Dataset items

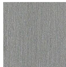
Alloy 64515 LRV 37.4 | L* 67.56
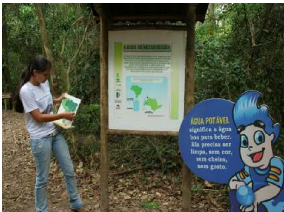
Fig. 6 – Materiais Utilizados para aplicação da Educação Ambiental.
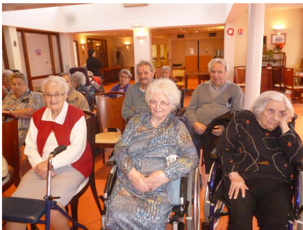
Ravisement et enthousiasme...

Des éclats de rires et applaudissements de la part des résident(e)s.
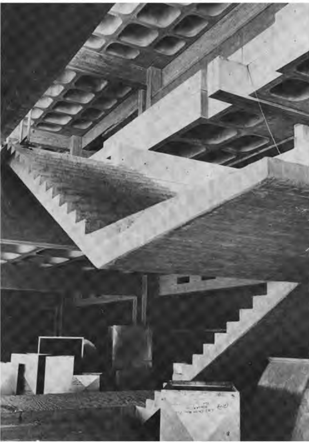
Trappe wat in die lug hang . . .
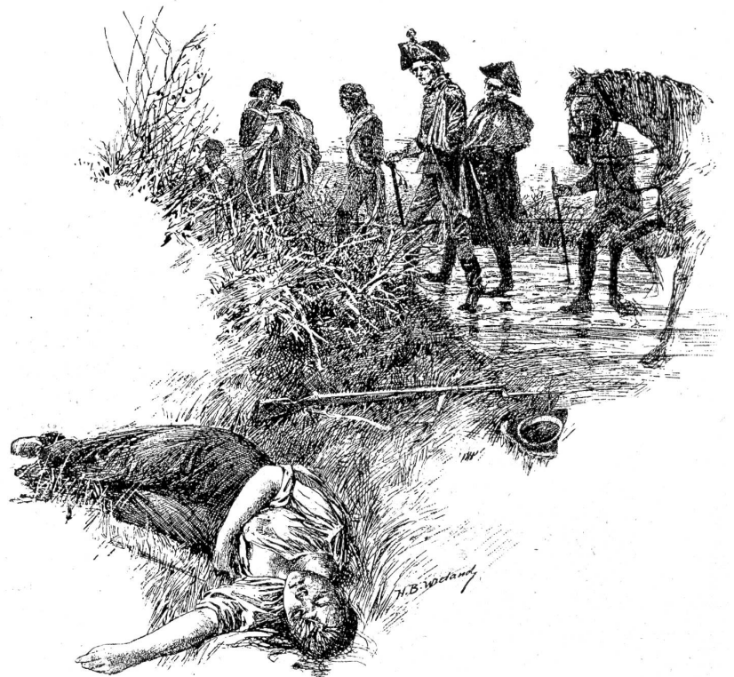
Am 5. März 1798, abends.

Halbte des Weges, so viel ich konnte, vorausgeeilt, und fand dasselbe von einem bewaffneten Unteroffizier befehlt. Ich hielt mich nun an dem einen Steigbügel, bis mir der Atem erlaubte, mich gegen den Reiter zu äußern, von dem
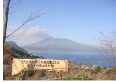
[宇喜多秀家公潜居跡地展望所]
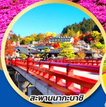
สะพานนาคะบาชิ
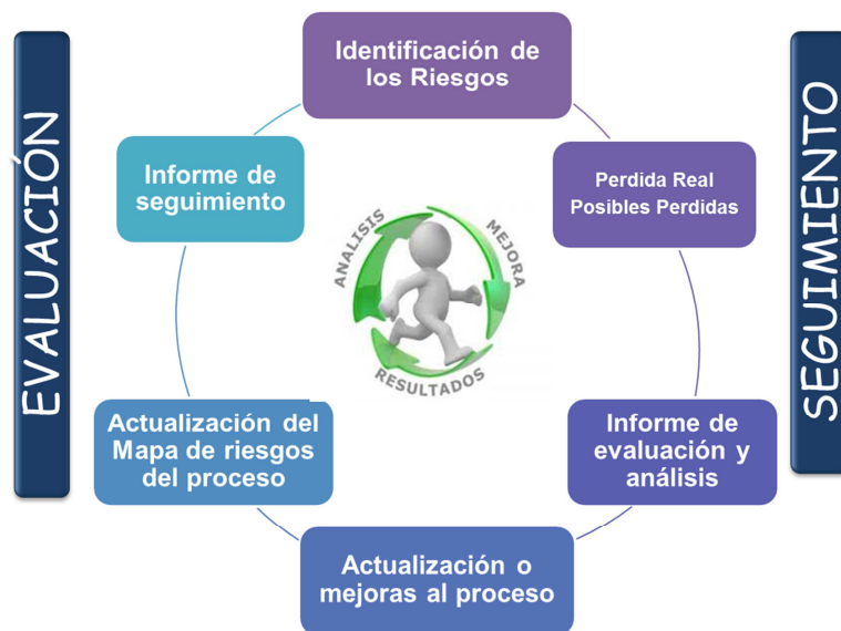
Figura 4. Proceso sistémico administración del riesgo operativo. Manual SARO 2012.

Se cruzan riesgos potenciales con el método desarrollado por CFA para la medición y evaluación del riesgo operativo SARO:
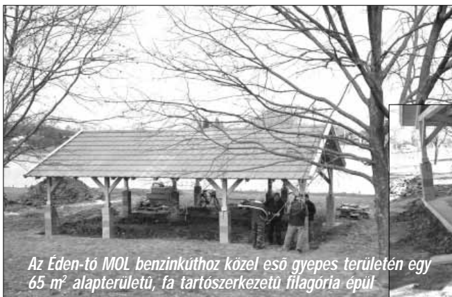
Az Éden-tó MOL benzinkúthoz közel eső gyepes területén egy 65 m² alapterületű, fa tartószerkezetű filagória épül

DIRECTIONS: The answer should consist only of the lines above from the one with "Trappe wat in die lug hang . . ." through the one with "สะพานนาคะบาชิ", repeated exactly, with no pictures among them.

REPLY:
Trappe wat in die lug hang . . .
Am 5. März 1798, abends.

Halbte des Weges, so viel ich konnte, vorausgeeilt, und fand dasselbe von einem bewaffneten Unteroffizier befehlt. Ich hielt mich nun an dem einen Steigbügel, bis mir der Atem erlaubte, mich gegen den Reiter zu äußern, von dem
[宇喜多秀家公潜居跡地展望所]
สะพานนาคะบาชิ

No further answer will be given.